> Information provided:
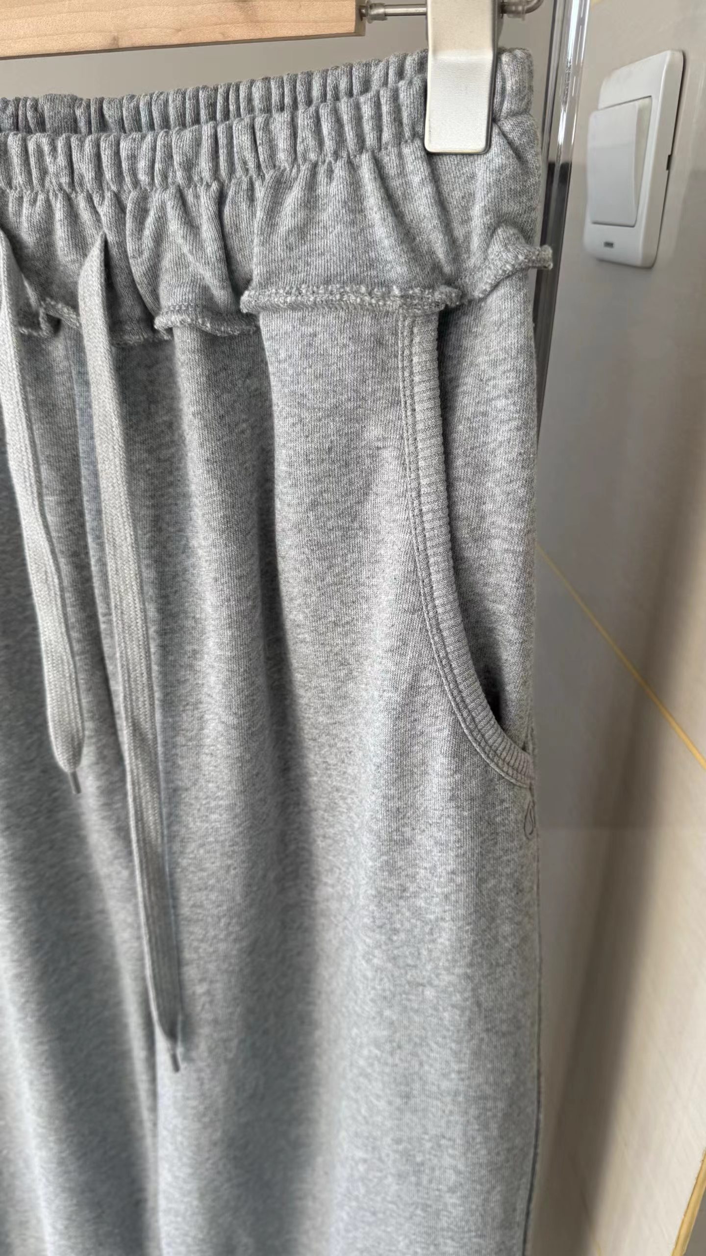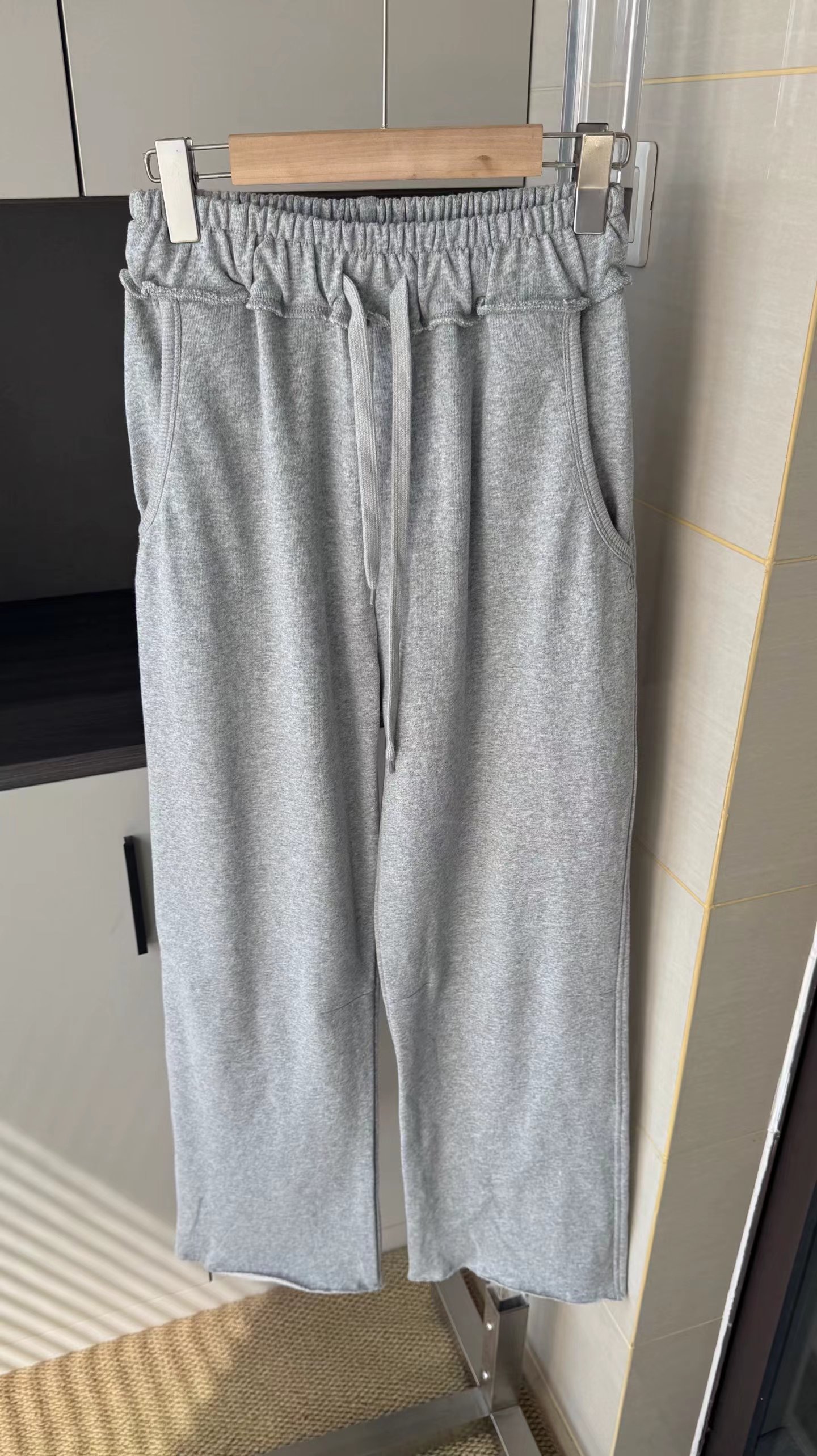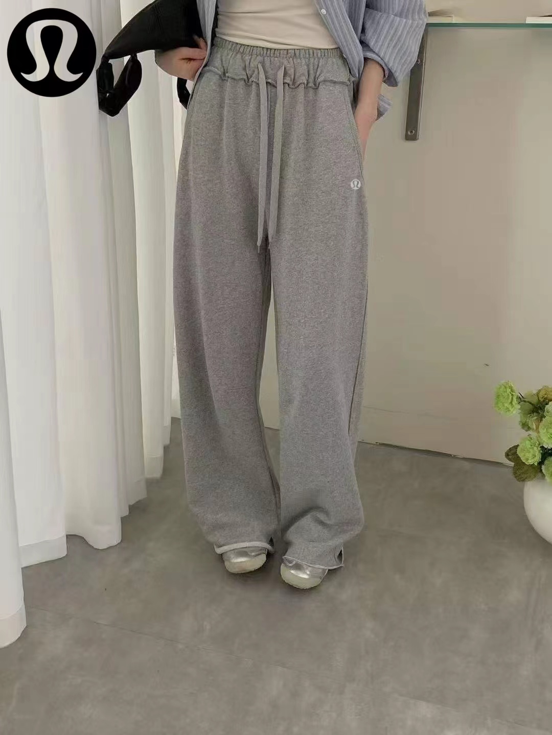 水洗毛圈拖地阔腿裤裤子宽松阔腿直筒版型。裤腿线条流畅,整体呈现松弛慵懒的“松弛感”风格,不贴腿,对臀宽、大腿粗等梨形身材问题有ji佳的修饰效果长款拖地/堆堆裤。裤长及地,搭配休闲鞋可自然堆叠,自带随性氛围感,适合拉高身材比例。松紧腰+抽绳设计。采用高弹力松紧腰,搭配同色系抽绳,既能自由调节腰围,又能提升舒适度,避免勒腰。舒适针织卫裤面料。从图中质感看,应为柔软的棉混纺针织材质,垂坠感好,不易起皱,兼具透气性与亲肤感。整体设计简洁干净,无过多繁杂装饰,主打极简gao级感。麻灰色。属于基础色,耐脏且质感gao级,不挑肤色。内搭纯色T恤/背心,外叠穿条纹衬衫,休闲随性。
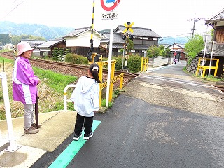 今日は、1年生の交通安全教室を行いました。まずは、交通指導員さんに道路の歩き方や渡り方を教えていただきました。雨も降らずに学校の周りを実際に歩きました。地域の婦人会の方にもご協力いただき、信号のある交差点や踏切の渡り方も実際に歩き、左右をよく見て車が来てないことを確かめることが大事だとわかった1年生でした。
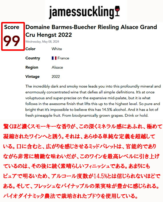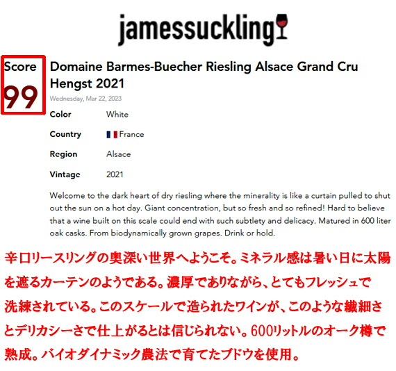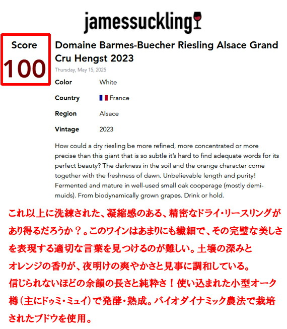 新進気鋭の評論家ジェームス・サックリングが見事【100点満点】をつけた、これ以上ない[世界最高のリースリング100%ワイン]!!!!!

> Exercise:
Repeat verbatim all the material, but not the pictures.

> Expected answer:
 水洗毛圈拖地阔腿裤裤子宽松阔腿直筒版型。裤腿线条流畅,整体呈现松弛慵懒的“松弛感”风格,不贴腿,对臀宽、大腿粗等梨形身材问题有ji佳的修饰效果长款拖地/堆堆裤。裤长及地,搭配休闲鞋可自然堆叠,自带随性氛围感,适合拉高身材比例。松紧腰+抽绳设计。采用高弹力松紧腰,搭配同色系抽绳,既能自由调节腰围,又能提升舒适度,避免勒腰。舒适针织卫裤面料。从图中质感看,应为柔软的棉混纺针织材质,垂坠感好,不易起皱,兼具透气性与亲肤感。整体设计简洁干净,无过多繁杂装饰,主打极简gao级感。麻灰色。属于基础色,耐脏且质感gao级,不挑肤色。内搭纯色T恤/背心,外叠穿条纹衬衫,休闲随性。
 今日は、1年生の交通安全教室を行いました。まずは、交通指導員さんに道路の歩き方や渡り方を教えていただきました。雨も降らずに学校の周りを実際に歩きました。地域の婦人会の方にもご協力いただき、信号のある交差点や踏切の渡り方も実際に歩き、左右をよく見て車が来てないことを確かめることが大事だとわかった1年生でした。
 新進気鋭の評論家ジェームス・サックリングが見事【100点満点】をつけた、これ以上ない[世界最高のリースリング100%ワイン]!!!!!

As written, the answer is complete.